David Edgar has spent a lifetime writing politically charged work that have challenged and questioned received wisdom. Now in his seventies, he has finally taken to the stage with a play that questions his own wisdom, asking how his generation morphed from the political activism of the sixties into folk content to vote for Trump and Brexit. When the play first aired back in 2018, I can’t imagine he thought the conundrum would still be so relevant eighteen months later.
It was a little disconcerting to find Edgar already mooching around the performance space of UEA’s tiny studio theatre when the audience took to their seats, not least as he was eating a banana. “If this was a proper play…” he begins, shouting over the chitter chatter of an expectant audience, and so begins an intricately constructed performance exploring the political landscape of the last fifty years, masquerading as an intimate, informal chat. Using himself as a test case, Edgar attempts to find out how much of our former selves remain later in life. He wonders what happened to change the angry young man protesting against the Vietnam War into an established playwright adapting Dickens for the stage. Did he change or did the world change around him? What of his contemporaries? Why did so many of the Sgt Pepper generation turn their backs on revolution? These are fascinating and thought-provoking questions, and he is such good company that eighty minutes slip by without me noticing he doesn’t answer any of them.
Instead, he delivers a potted history of those times, with a filmed assistance of the likes of David Aaronovitch and Paul Mason ruminating over the shifting sands of their political beliefs. It’s a dramatic technique most reminiscent of Mark Thomas’s polemical work - as talking heads are projected onto a handsomely dressed set of filing cabinets and cardboard boxes I am reminded of Cuckooed. Edgar may be a less accomplished speaker than Thomas – he’s not a performer after all – but what sets him apart is his self-deprecation. He delights in poking fun at himself, and while still driven by righteous indignation, he’s canny enough to realise how uneasily that sits with a comfortable life writing for the theatre while aspiring to appear on Desert Island Discs.

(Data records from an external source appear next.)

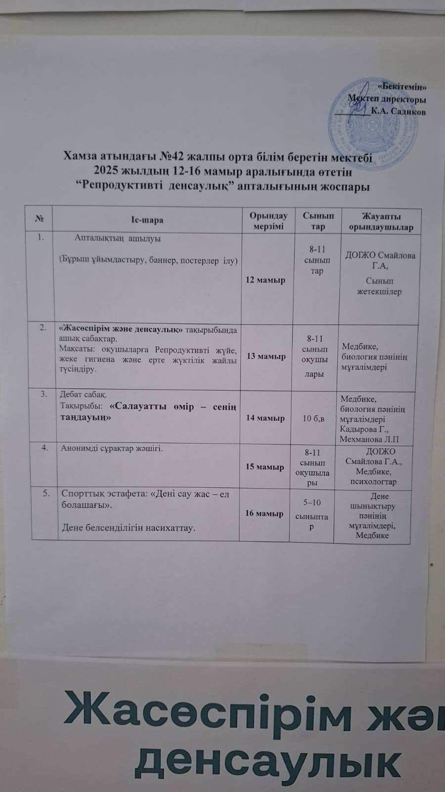Шымкент қаласы білім басқармасына қарасты Хамза атындағы №42 жалпы орта білім беретін мектебінде 12-16 мамыр аралығында РЕПРОДУКТИВТІ ДЕНСАУЛЫҚ АПТАЛЫҒЫ аясында, ашық сабақтар мен сыныптан тыс іс-шараларға арналған буклеттер, жадынамалар, презентацияларәзірленді.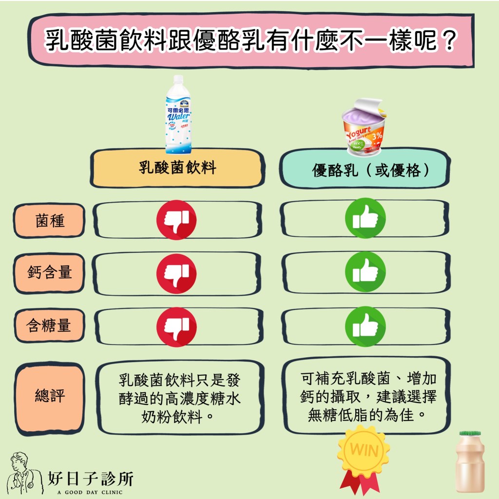 我們要先分清楚乳酸菌飲料並不等於使用牛奶發酵的優酪乳或優格。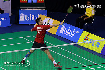 Gatjra Piliang Fiqihilahi Cupu (DKI Jakarta) Berusaha Menjangkau Shuttlecock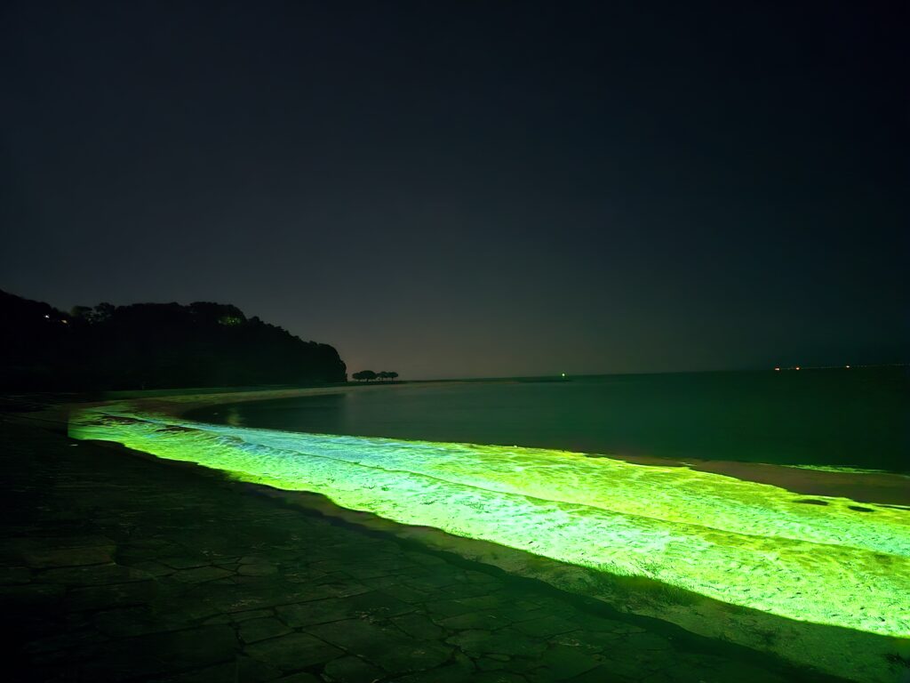 帰りにはビーチでのプロジェクションマッピングを鑑賞し、幻想的な光の演出に包まれながら初日を締めくくりました。

Trying it On has been likened to a TED talk, but I don’t think that’s quite right. Edgar doesn’t lecture his audience, and while he does attempt to rationalise his generation’s altered perspective, the play is more about sharing doubts than certainties. Faced with his increasingly tenuous conclusions, I confess that I found myself growing weary, though I should have known better – Edgar is a clever fellow, after all – as this was a cunningly placed trap. Just as doubts began to bubble to the surface, they were undercut by an audacious about-face that was as bold as it was surprising. To say more would be a major spoiler, but the move was so central to the play’s thesis it’s difficult to sensibly do otherwise. I can only say that if you have fallen across this review before seeing the play, you should perhaps stop reading now.
Having said that, anyone familiar with the work of the excellent LUNG Theatre group would have quickly started to wonder why Danielle Phillips (good in E15, outstanding in The 56) was moonlighting as a stage manager. Having spent the greater part of the performance studiously pressing buttons and twiddling knobs stage left, she breaks character by intruding into this “solo” show to tell Edgar off. Incandescent with rage at the platitudinous rhetoric she’s been forced to listen to, she provides the perfect counterpoint to Edgar’s faux sophistry. Now in character, he has to act his way through scripted bewilderment, so that ironically it is Phillips, an accomplished twenty-something actor, who does all the heavy lifting, driving forward the trajectory of the play by tacitly channelling the ideals of Edgar the younger.
The need to keep this big reveal a secret (to the extent that programs were only handed out after the performance in sealed brown envelopes) means Phillips has not received nearly enough credit for her contribution, which was to effectively shoulder the abiding message of a maddeningly inconclusive yet utterly absorbing play. It’s a message of hope, that people change, but not always for the worst. That writing for people who already agree with you may not revolutionise, but might nudge things forward. That there’s still much to do, but a lot has been done. During the closing moments of the play, as the balloons literally go up, they turned and smiled at each other. It was a tiny moment of warmth which somehow summed up everything he had been trying to say with words - that we are all members one of another.